Top of Input data

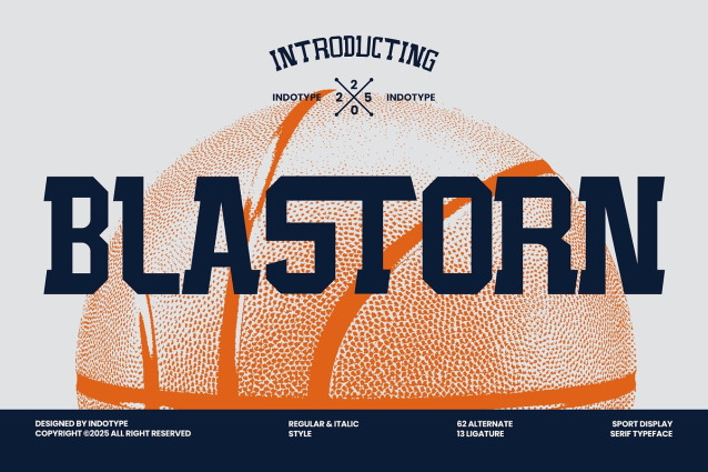 IT Blastorn Font is a high-energy, dynamic display serif built for the fast-paced world of sports, fitness, and action-oriented branding. Its aggressive angles, sharp serifs, and muscular letterforms capture the essence of power, speed, and competition. This font doesn’t just speak—it shouts with bold confidence, making it perfect for designs that need to convey strength and motion. Loaded with 62 stylistic alternates and 13 ligatures, Blastorn offers incredible flexibility to craft unique logos, custom wordmarks, and impactful headlines that stand out. Available in both a solid Regular and a slanted, forward-thrusting Italic style, it provides the versatility needed for team identities, athletic apparel, event promotions, and any project that demands a winning visual impact.
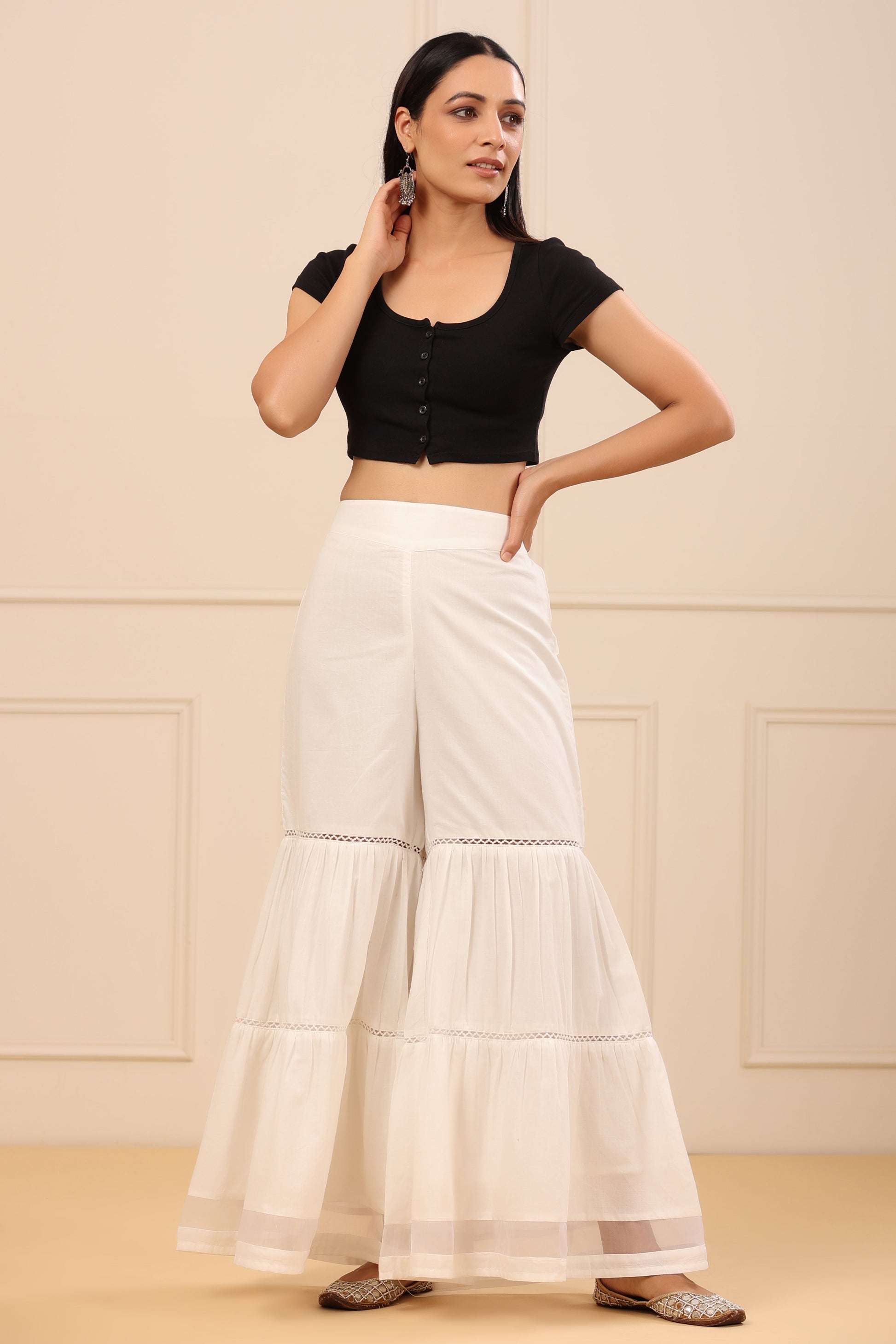 White Cambric Tiered Sharara
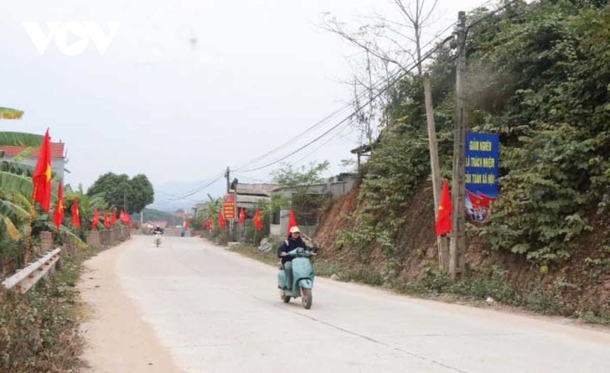 Cờ được cắm dọc các tuyến đường chính của xã vùng cao Tân Sơn, tỉnh Bắc Ninh.
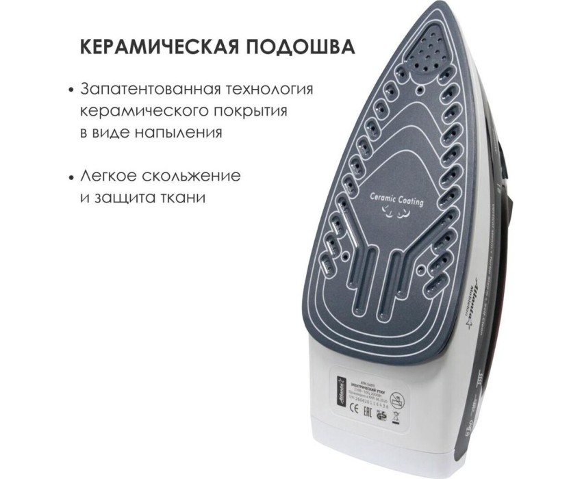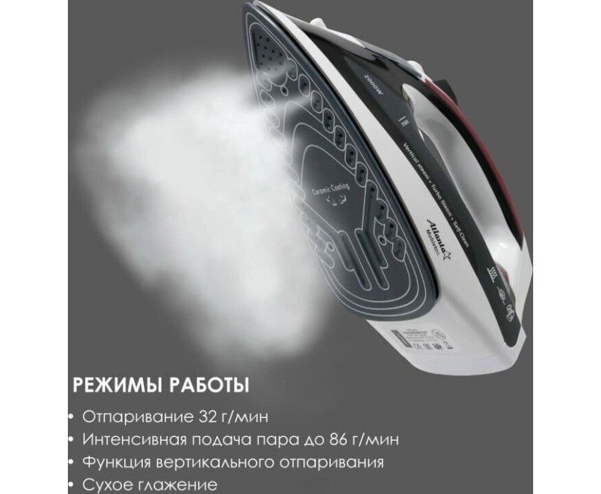 Макс. мощность 2000 Вт. Керамическая подошва. Функция самоочистки. Сухой или паровой режим глаженья. Функция вертикального пара. Прозрачный резервуар д/воды. Функция увлажнения. Регулировка подачи пара до 32 г/мин. Доп. подача пара до 86 г/мин.
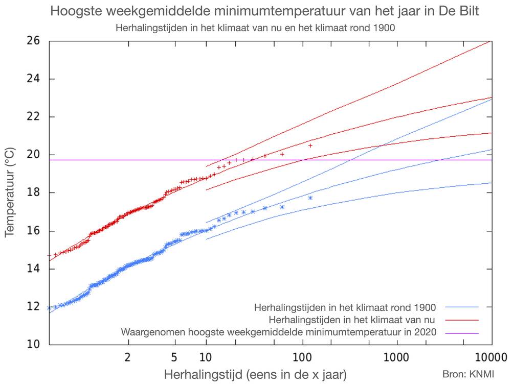 De minimumtemperatuur schommelde in de week van 9 tot en met 15 augustus 2020 tussen de 18,4 en 21,5 graden. De weekgemiddelde minimumtemperatuur kwam uit 19,7 graden. Een dergelijke hoge weekgemiddelde minimumtemperatuur is niet eerder voorgekomen sinds tenminste 1901 (figuur 2). Ook is in de afgelopen eeuw een opwaartse trend te zien is. De week met gemiddeld de warmste nachten van het jaar is sinds 1901 met zo'n 2,5 graden warmer geworden.
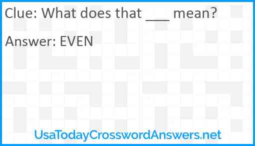 What does that ___ mean? is a crossword clue for which we have 1 possible answer in our database. This crossword clue was last seen on USA Today Crossword July 5 2025!
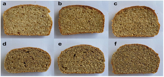 Images of the cross-section of bread slices: (a) control, (b) enriched bread with 10% cricket powder, (c) 15%, (d) 20%, (e) 25%, and (f) 30% by flour weight.
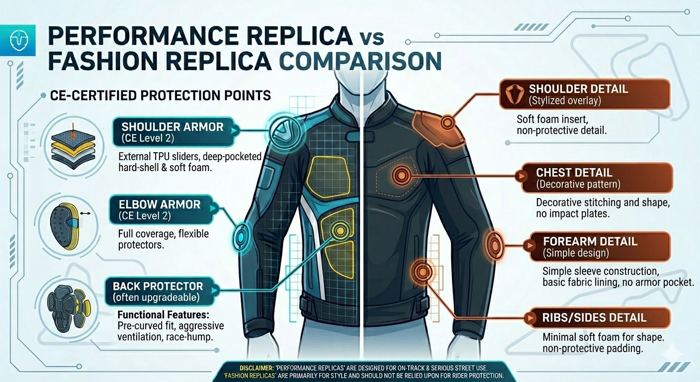 La seguridad de una chaqueta de moto réplica depende de la confección, no de la marca.
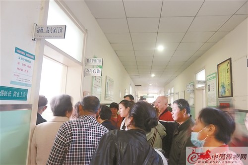設(shè)在沛縣人民醫(yī)院的徐州二院(徐醫(yī)附院)專家門診前排滿了候診患者。通訊員 張宜良 攝
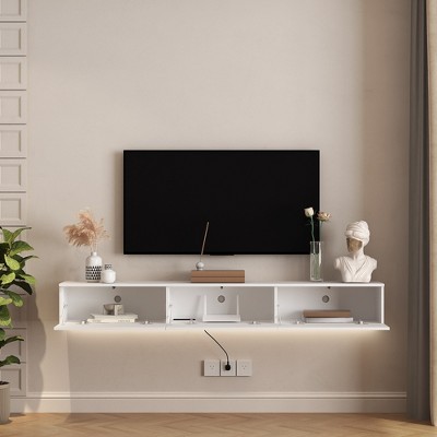 Gulches Floating TV Stand Wall Mounted 69 Inch Modern TV Cabinet Entertainment Center up to 65 Inch TV White
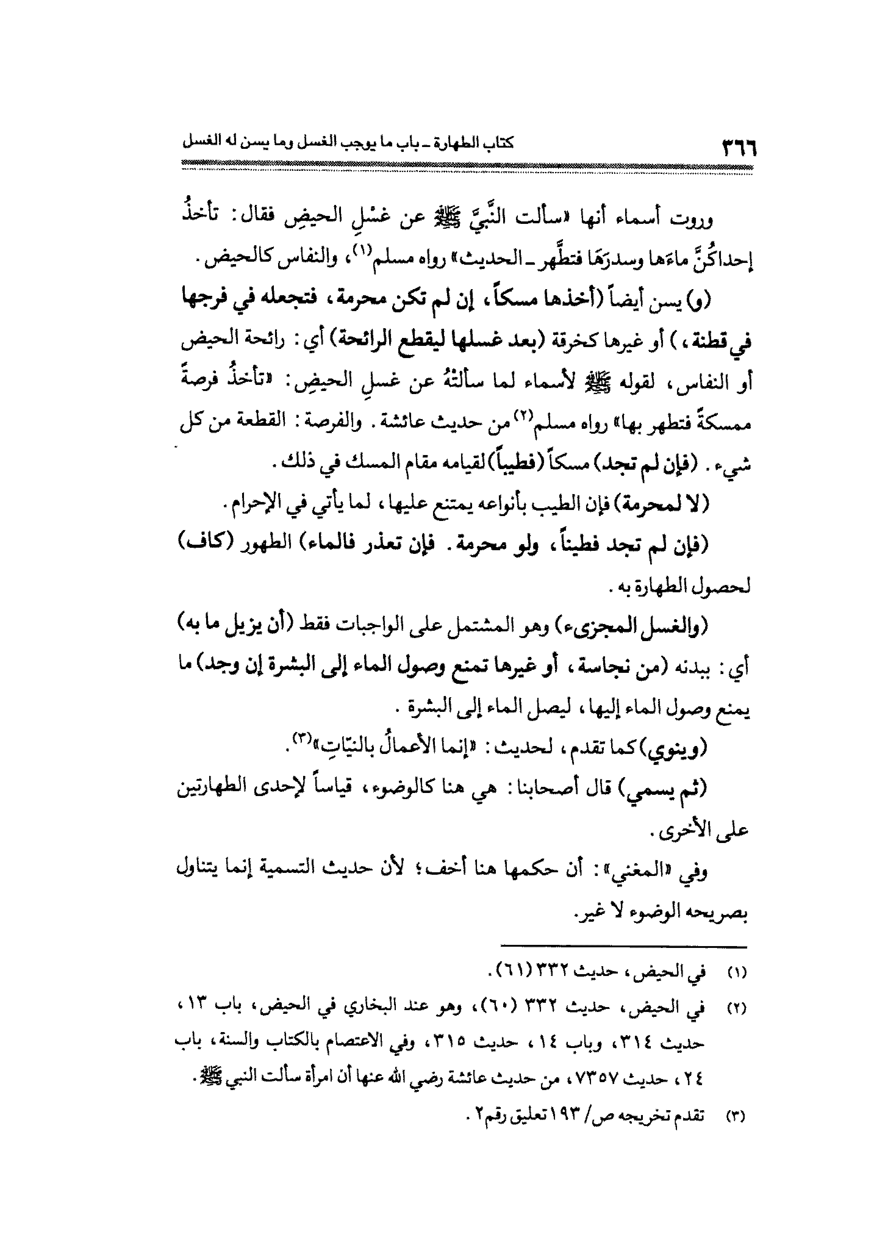 (¬٢) في الحيض، حديث ٣٣٢ (٦٠)، وهو عند البخاري في الحيض، باب ١٣، حديث ٣١٤، وباب ١٤، حديث ٣١٥، وفي الاعتصام بالكتاب والسنة، باب ٢٤، حديث ٧٣٧٥، من حديث عائشة رضي الله عنها أن امرأة سألت النبي - صلى الله عليه وسلم -.

Bottom of Input data

Exercise prompt — Repeat the lines above exactly, beginning with the one containing "White Cambric Tiered Sharara" and finishing with the one containing "What does that". No pictures belong in the copy.

The completed task —
 White Cambric Tiered Sharara
 Cờ được cắm dọc các tuyến đường chính của xã vùng cao Tân Sơn, tỉnh Bắc Ninh.
 Макс. мощность 2000 Вт. Керамическая подошва. Функция самоочистки. Сухой или паровой режим глаженья. Функция вертикального пара. Прозрачный резервуар д/воды. Функция увлажнения. Регулировка подачи пара до 32 г/мин. Доп. подача пара до 86 г/мин.
 De minimumtemperatuur schommelde in de week van 9 tot en met 15 augustus 2020 tussen de 18,4 en 21,5 graden. De weekgemiddelde minimumtemperatuur kwam uit 19,7 graden. Een dergelijke hoge weekgemiddelde minimumtemperatuur is niet eerder voorgekomen sinds tenminste 1901 (figuur 2). Ook is in de afgelopen eeuw een opwaartse trend te zien is. De week met gemiddeld de warmste nachten van het jaar is sinds 1901 met zo'n 2,5 graden warmer geworden.
 What does that ___ mean? is a crossword clue for which we have 1 possible answer in our database. This crossword clue was last seen on USA Today Crossword July 5 2025!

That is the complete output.